ASSIGNMENT: Give the lines again exactly as they appear, from the first line of the listing through the line containing "Y qué os parece", and omit every picture.

RECORDED INFORMATION:
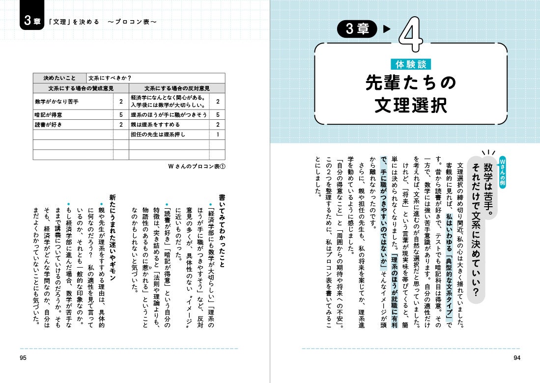 本書では、文理選択から大学選びまで、先輩たちが何を悩み、どう決断したのか。きれい事ではない「リアルな葛藤とエピソード」を多数収録しています。
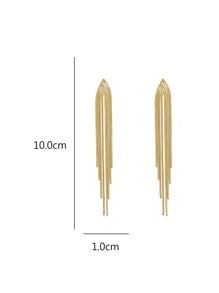 Shein - 1pair Elegant & Fashionable Geometric Shaped Metallic Chain & Tassel Long Earrings
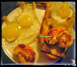 Y qué os parece a continuación una tosta? Pero no una simple tosta, si no una con vieiras y huevos. Una receta sencilla a la par que gustosa. Ummmm, quiero probarla !!! El plato es de Rosa de Comer Especial.
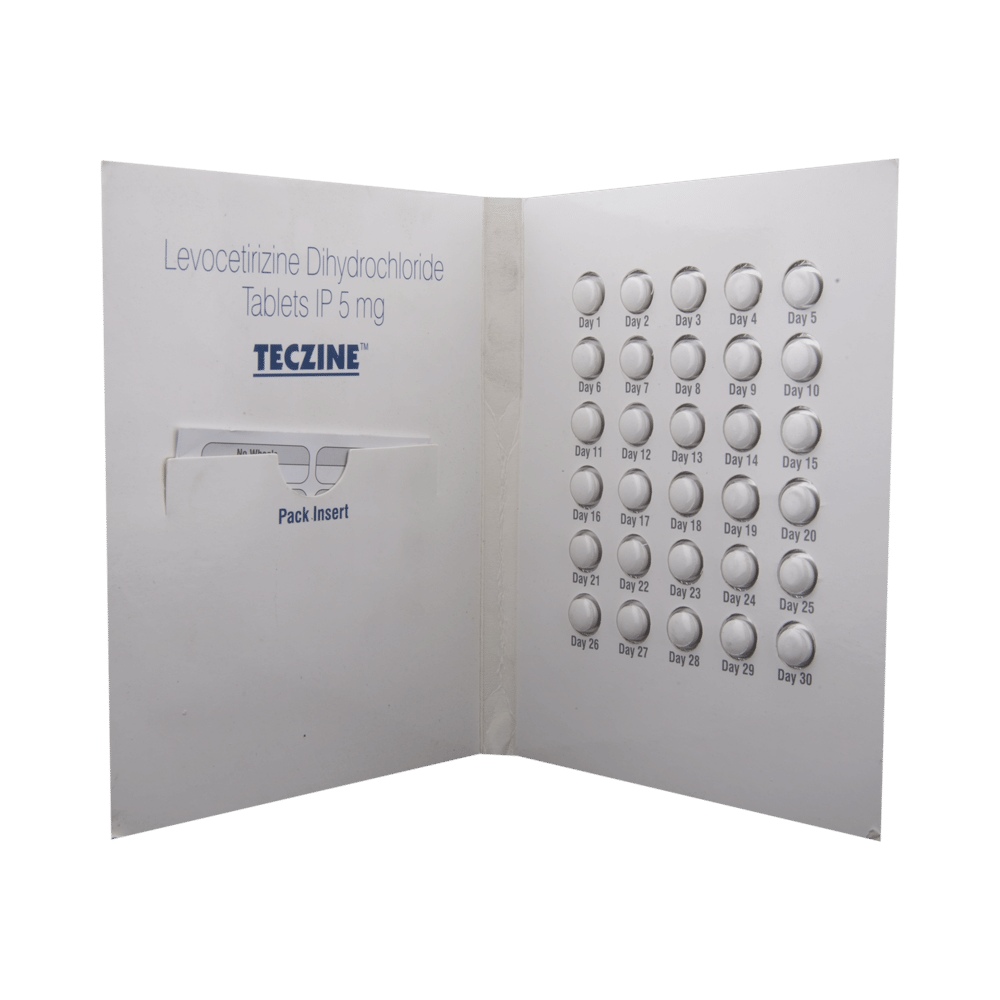 Teczine CP Tablet belongs to a group of medicines called antihistamines. It is used to treat various allergic conditions such as hay fever, conjunctivitis, some skin reactions such as eczema, hives, and reactions to bites and stings. It also relieves watery eyes, runny nose, sneezing, and itching. Teczine CP Tablet can be taken with or without food. The dose required by you may vary depending on what you are taking it for. This medicine is usually taken in the evening, but follow the advice of your doctor on how to take it. You may need this medicine only on days you have symptoms, but if you are taking it to prevent the symptoms then you should take it regularly. If you miss doses or stop taking it earlier than advised, your symptoms may come back.Common side effects include somnolence (sleepiness), dry mouth, fatigue, fever, cough, nasopharyngitis, and nosebleed. These are usually mild and go away after a couple of days as your body adjusts to it. Consult your doctor if any of the side effects persist or worry you.Before taking it, tell your doctor if you have any kidney problems or epilepsy (seizures). Your dose may need to be modified or this medicine may not suit you. Some other medicines can interact with this medicine so let your healthcare team know what else you are taking. You should also talk to your doctor before using this medicine if you are pregnant or breastfeeding, although it is not thought to be harmful.

ANSWER AREA:
 本書では、文理選択から大学選びまで、先輩たちが何を悩み、どう決断したのか。きれい事ではない「リアルな葛藤とエピソード」を多数収録しています。
 Shein - 1pair Elegant & Fashionable Geometric Shaped Metallic Chain & Tassel Long Earrings
 Y qué os parece a continuación una tosta? Pero no una simple tosta, si no una con vieiras y huevos. Una receta sencilla a la par que gustosa. Ummmm, quiero probarla !!! El plato es de Rosa de Comer Especial.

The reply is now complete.